Hyeri: Neyse,sizin konuşucaklarınız vardır. Ben gideyim.
Tam kekeleyerek Hyeri diyecekken,Sehun ağzımı kapadı ve kulağıma ''Bırak gitsin..'' diye fısıldadı. Bende sadece başımı sallamakla yetindim.
Birden bire telefonum çaldı. Arayan annemdi. Eve gelemeyeceğini falan söyledi. Bugün tamamen evde tek olacağım galiba.
Sehuna annemin gelmeyeceğini falan söyledim. Oda,''Tamam o zaman. Bu gece burda kalıyorum'' dedi.
Ben: Sehun..Emin misin?
Sehun: Kesinlikle. Seni yanlız bırakamam.
Aslında,bu söylediği hoşuma gitmişti.
Uzun bir sessizlik oldu. Ben hala Sehuna beni sevip sevmediğini sormak istiyordum.
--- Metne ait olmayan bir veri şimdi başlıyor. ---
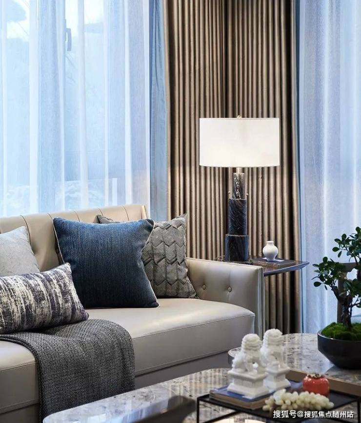 走入空间,可见水纹的柔美点染于软包、画饰、地毯等软装上,渲染出怡人舒适的空间氛围。三扇大面积玻璃门窗,将四时风光纳入框景中,邀人坐看自然的生机、时间的足痕。
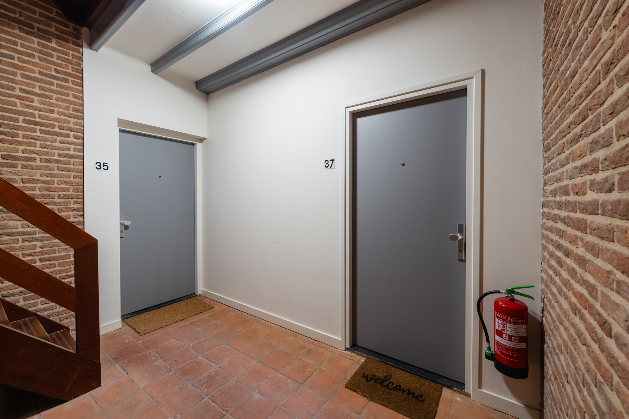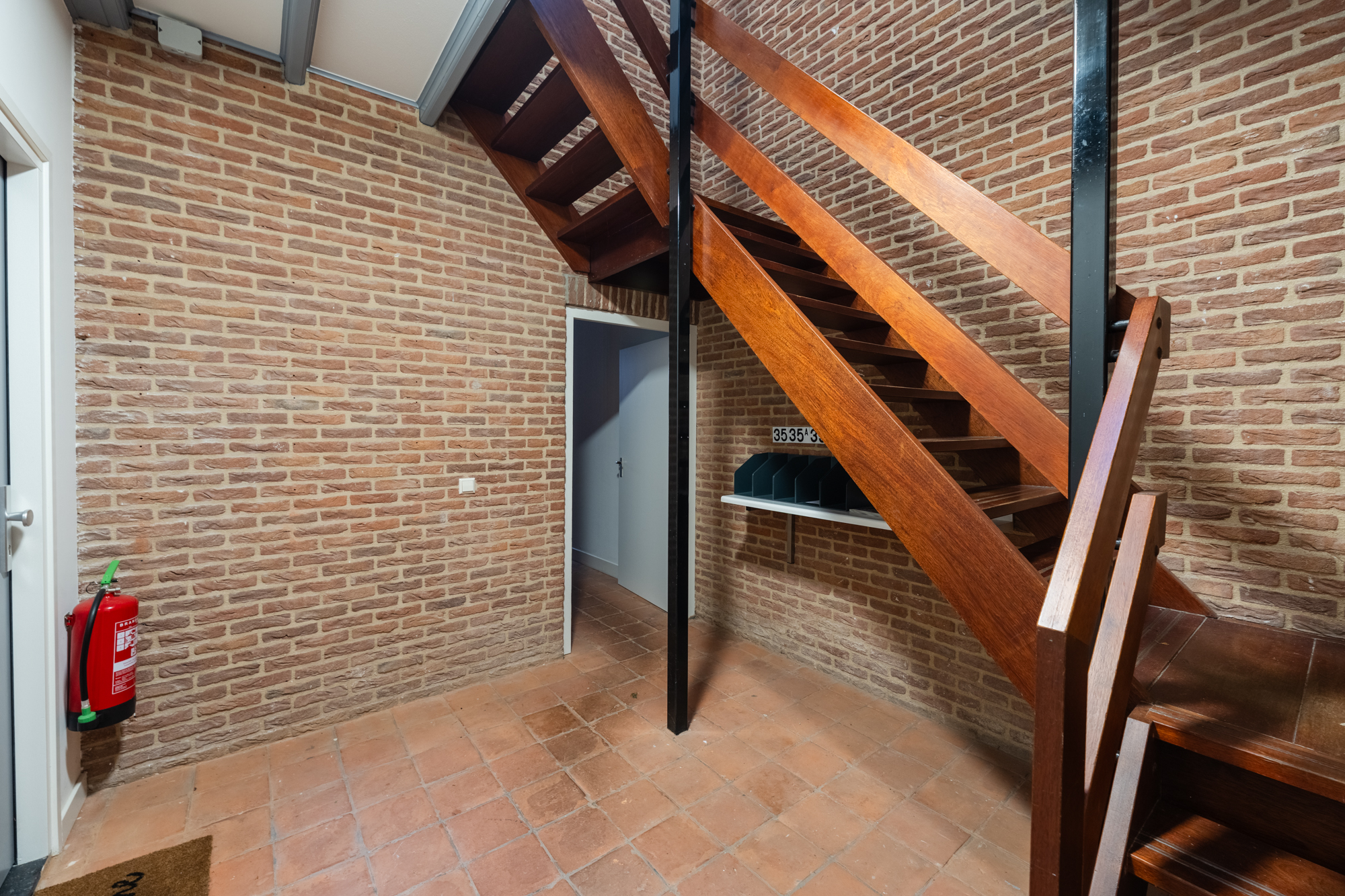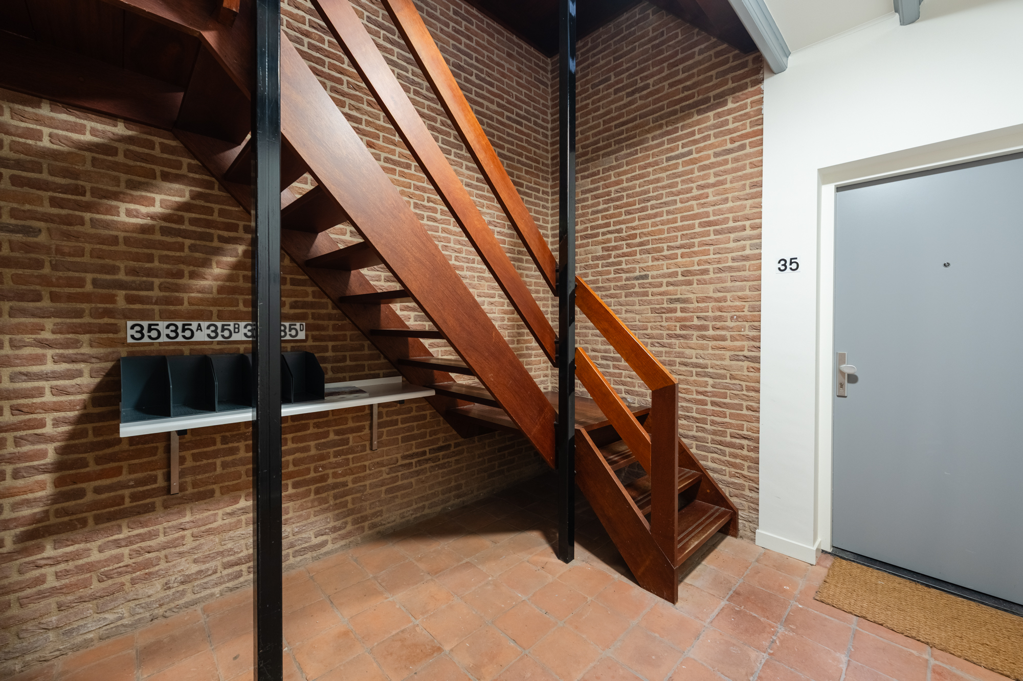Gezamenlijke entree met meterkast en trapopgang naar de boven-appartementen.

Bunları düşünürken patladım ve..;
Ben: BENİ SEVİYORMUSUN!? -Kesinlikle ona bağırdım.-
Sehun bir süre bana baktı. Üzgün bir şekilde;
Sehun: Bundan şüphen olduğunu hiç düşünmemiştim.
Aslında,haklıydı. Şüphem çok gereksizdi.
Sehun: Böyle düşünmene sebep olan Jongin mi?
Minah: Jongin'le görüşmüyorum.
Sehun: Ben,gerçekten seni çok fazla seviyorum Minah.
Ben: Bunu biliyorum. Özür dilerim.
Sehun bana yaklaşmaya başladı ve...
BENİ ÖPTÜ !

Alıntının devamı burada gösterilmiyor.